Make a ukm only app for iPhones


----------



## OJay (Mar 7, 2008)

There is one mate have a little search for it


----------



## Lorian (Apr 9, 2003)

Bigdawg2k11 said:


> Make a ukm only app for iPhones


There already is one for Apple and Android - search for UKMuscle in the app store.

Tapatalk will be upgraded later this month so blackberry users can run that as well.

L


----------



## Bigdawg2k11 (Mar 2, 2011)

OJay said:


> There is one mate have a little search for it


Tapatalk? I'm on that now but thinking mabey just a app for ukm


----------



## Bigdawg2k11 (Mar 2, 2011)

Just found it, brilliant!!!


----------



## Bigdawg2k11 (Mar 2, 2011)

Cheers guys


----------



## PHHead (Aug 20, 2008)

Bigdawg2k11 said:


> Just found it, brilliant!!!


Were UKMuscle brings up nothing for my android?


----------



## ashie1986 (Feb 14, 2010)

the android one dont work on my samsung galaxy s

tried loads of times


----------



## Fatstuff (Mar 2, 2010)

I must say ive got both - and use tapatalk.
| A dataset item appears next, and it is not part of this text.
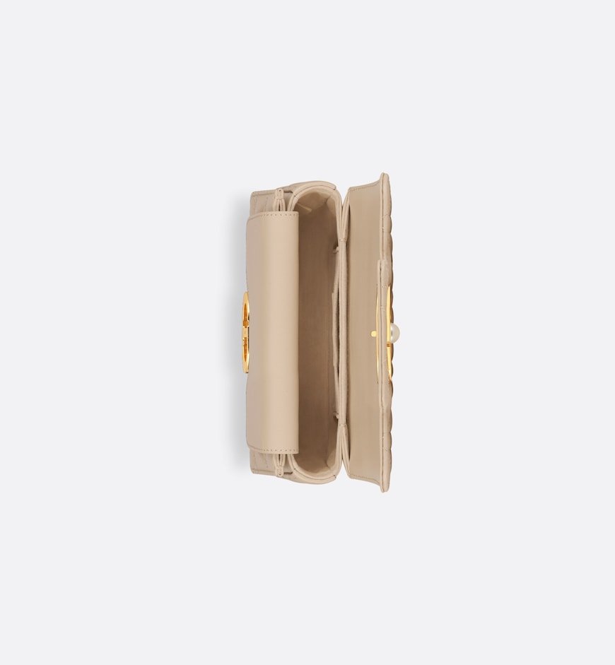 New for Summer 2024, the Dior Jolie Top Handle bag presents an elegant and functional design. It is crafted in powder beige calfskin with Cannage stitching and features a double flap enhanced by a CD signature embellished with a white resin pearl, as well as three compartments and a zip pocket to accommodate all the essentials, day or evening. The removable top handle is completed by a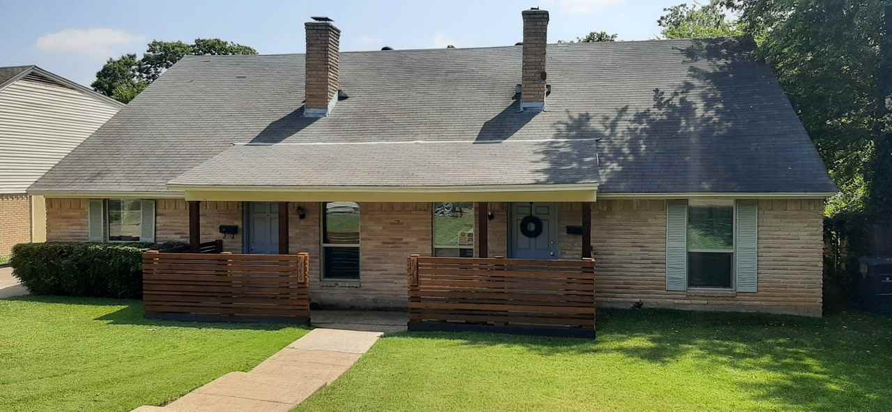 This duplex is in the University Manor/Merriam Park area and around the corner from the White Rock Lake Dart Rail Station on Northwest Hwy. You are minutes to Central Expressway, Northpark Mall and White Rock Lake. The downstairs has a 2 story vaulted den as you enter with a large fireplace separation between the den and kitchen and breakfast areas. There is also one bedroom and a full bath. Upstairs there are two bedrooms and a full bath. Great storage and room sizes. Low utilities with newer hvac and vinyl window replacements. Freshly painted, both bathrooms just updated and hard surface floors in all rooms except bedrooms. All lawn service is included. Compare to the two bedroom rentals and you will agree this larger home is a bargain! Available for June move-in.

Sorry ukm/lorian its just not as good at the moment.


----------



## JusNoGood (Apr 4, 2011)

Yes, what he ^ said


----------



## PHHead (Aug 20, 2008)

Bump for Lorian, is the app still available for the Android as I can't find it the love nor money, the only app I can find related to bodybuilding forums is Bodybuilding.com?


----------



## PHHead (Aug 20, 2008)

Just downloaded Tapatalk and linked it to UKM as can't find the app......works well!


----------



## Ironclad (Jun 23, 2009)

Holy fvck so there is! Nice one.


----------



## Lorian (Apr 9, 2003)

PHHead said:


> Were UKMuscle brings up nothing for my android?





ashie1986 said:


> the android one dont work on my samsung galaxy s
> 
> tried loads of times


Is it an old phone? I think it needs Android version 1.6 and above to appear.

You could also try searching *UK_Muscle* as technically that is the app name.



fatmanstan! said:


> I must say ive got both - and use tapatalk. Sorry ukm/lorian its just not as good at the moment.


No worries, the reason we run both is so that people have a choice.

L


----------